Nos recuerda a la señora fóbica que, recientemente, en una manifestación light, donde “no se toca el pasado”, gritaba en contra de un presidente “indio pata rajada”. Nos trae a la memoria los esperpentos verbales de Lilly Téllez o los rabiosos vértigos argumentales de la diputada Rabadán o las dramatizaciones de hilandera revolucionaria girondina, “ex-troskista”, Xóchitl Gálvez que revive ese humor fétido que emerge cuando los aires del cambio renuevan la vida social y se destapan las cloacas de la injusticia, la corrupción y la satrapía, cerradas por la ideología oligarca. Como si fuera hoy, cambian los personajes y la situación pero los estigmas mentales permanecen. Los supremacistas siguen existiendo, con la misma facha mental, como esta perla del pasado:
“Por su parte Monsieur Charles Bordillon, corresponsal del diario inglés «The Times», afirmaba que la única moral de esa nación cuya raza estaba «profundamente pervertida» era el robo, visto como objetivo principal de todos los partidos políticos. El ilustre Lord Palmerston compartía esos puntos de vista. Para él, el mexicano era un pueblo degenerado y corrompido hasta la médula, sin valor y sin fuerza, que «yo se lo aseguro a Su Majestad —le dijo un día a la Reina Victoria en el Castillo de Balmoral— será tragado por la raza anglosajona y desaparecerá como desaparecieron los indios pielroja ante los blancos».
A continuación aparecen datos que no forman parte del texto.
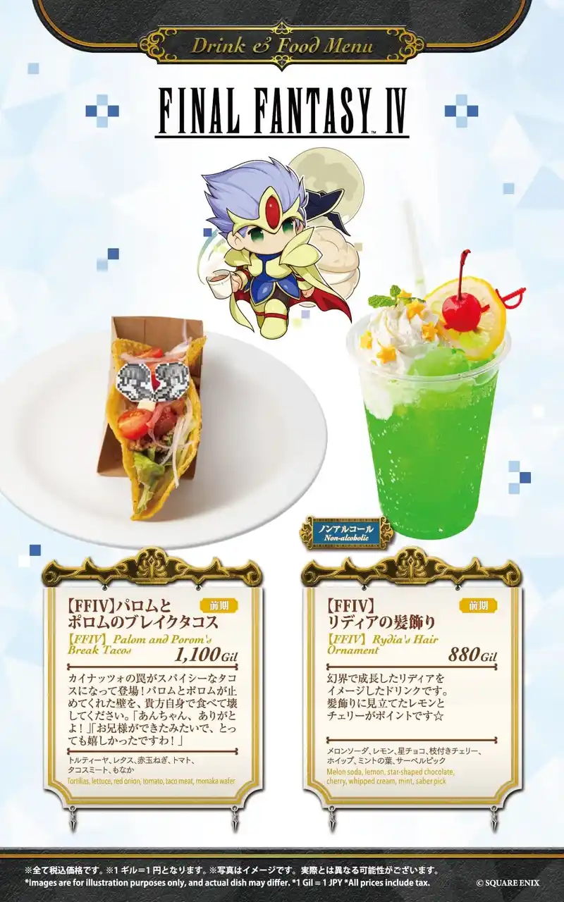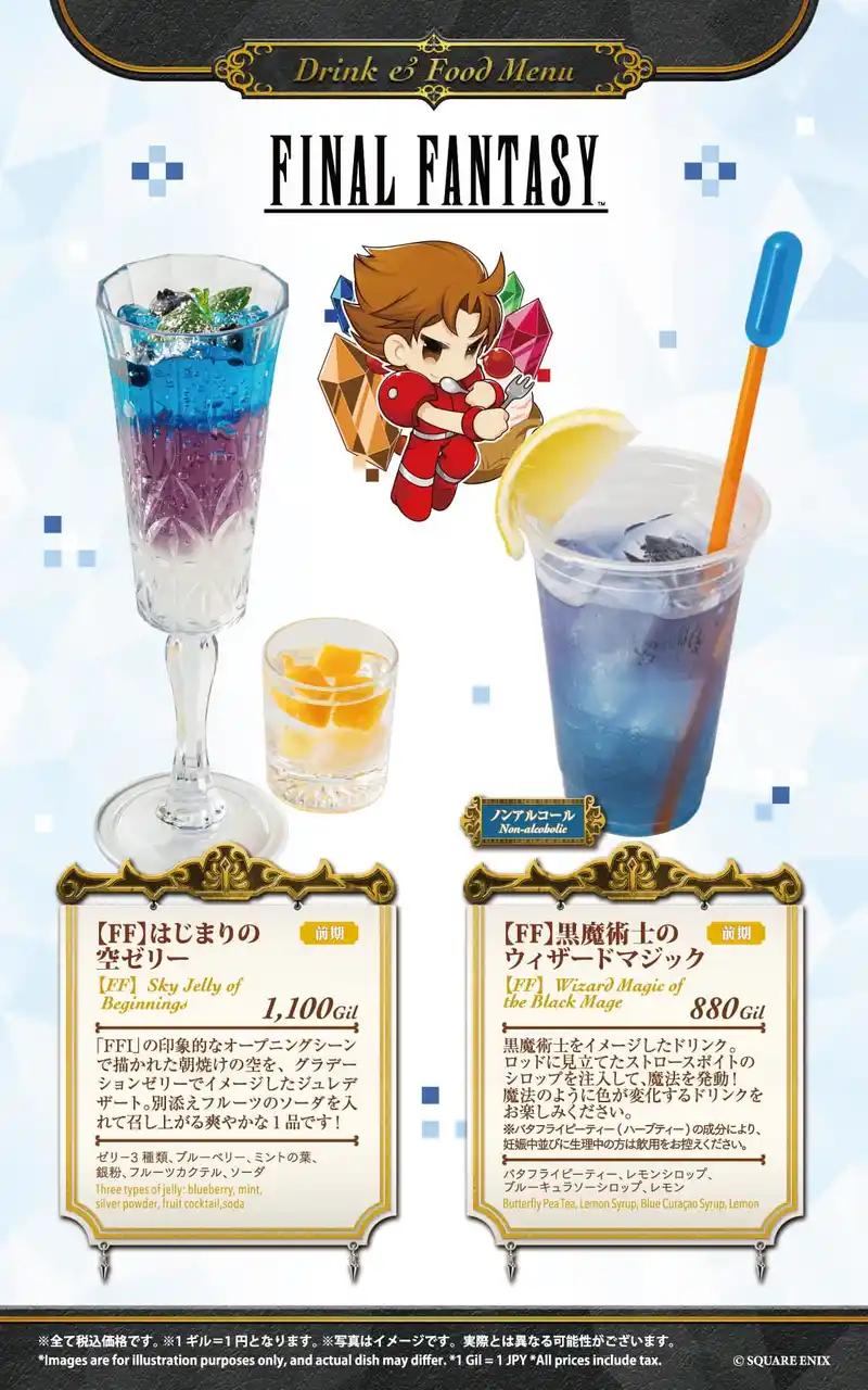 大阪は2月13日(金)~3月2日(月)を前期、3月3日(火)~3月18日(水)を後期として、そして名古屋は『ファイナルファンタジーIX』コラボ終了後の4月10日(金)~4月27日(月)を前期、4月28日(火)~5月18日(月)を後期として、それぞれフード6品、ドリンク6品を展開いたします。 |
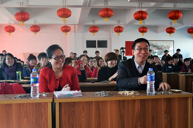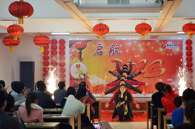 聯(lián)歡會(huì)在歌曲聯(lián)唱《歡天喜地拜大年》的歡快節(jié)奏中拉開(kāi)帷幕,公司各部門紛紛上臺(tái),《新年好》、《恭喜發(fā)財(cái)》、《正月里來(lái)正月正》、《小拜年》、《恭喜恭喜你》等經(jīng)典拜年歌曲再現(xiàn),別出心裁的出場(chǎng)方式讓人目不暇接。由市場(chǎng)部北京區(qū)表演的舞蹈《美觀不美觀》將演出推向了高潮,場(chǎng)下掌聲不斷,歡快、喜慶、熱烈的氣氛溢滿會(huì)場(chǎng),整個(gè)會(huì)場(chǎng)暖意融融,變成了歡樂(lè)的海洋。
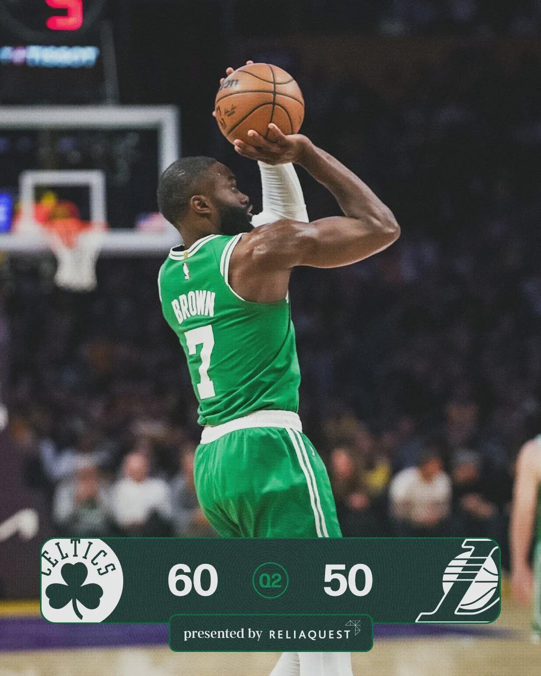 凯尔特人替补半场合砍20分,湖人替补半场合砍13分。杰伦-布朗上半场投篮12中3,但他频频造杀伤(罚球10中7),防守端十分积极,半场得到13分4篮板6助攻3抢断。凯尔特人第二节32-22净胜湖人10分,半场60-50领先湖人。
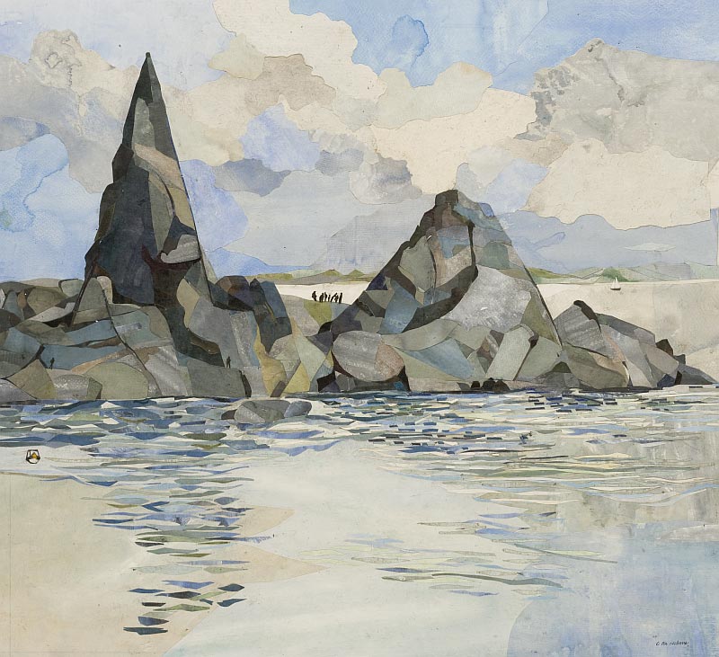 Christine McKechnie, Devon rock, watercolour collage, 83x79cm

Este párrafo de Noticias del Imperio me suena a la narrativa de los Sheridan, a los enjaulados de Bartra, a los insultos de Aguilar Camín, a la operación Berlín del fenicio intelectual Krauze, al mustio abogado Cossío; a los egos parlantes de la comentocracia mediática; o la retórica de la democracia imperial del Departamento de Estado en Washington: un remake para ser publicado en el New York Times o en el sacrosanto Washington Post o en el colonial hispano Iberdrola El País con sus réplicas provincianas en El Reforma o El Universal mexicanos seguido por los medios “autónomos y libres” como Proceso o de los portales digitales de afamados que hoy periclitan en su credibilidad como Aristegui y su noticiero, cuna de lobos disfrazados de ovejas mediáticas envueltas en la bandera de “periodismo en libertad”.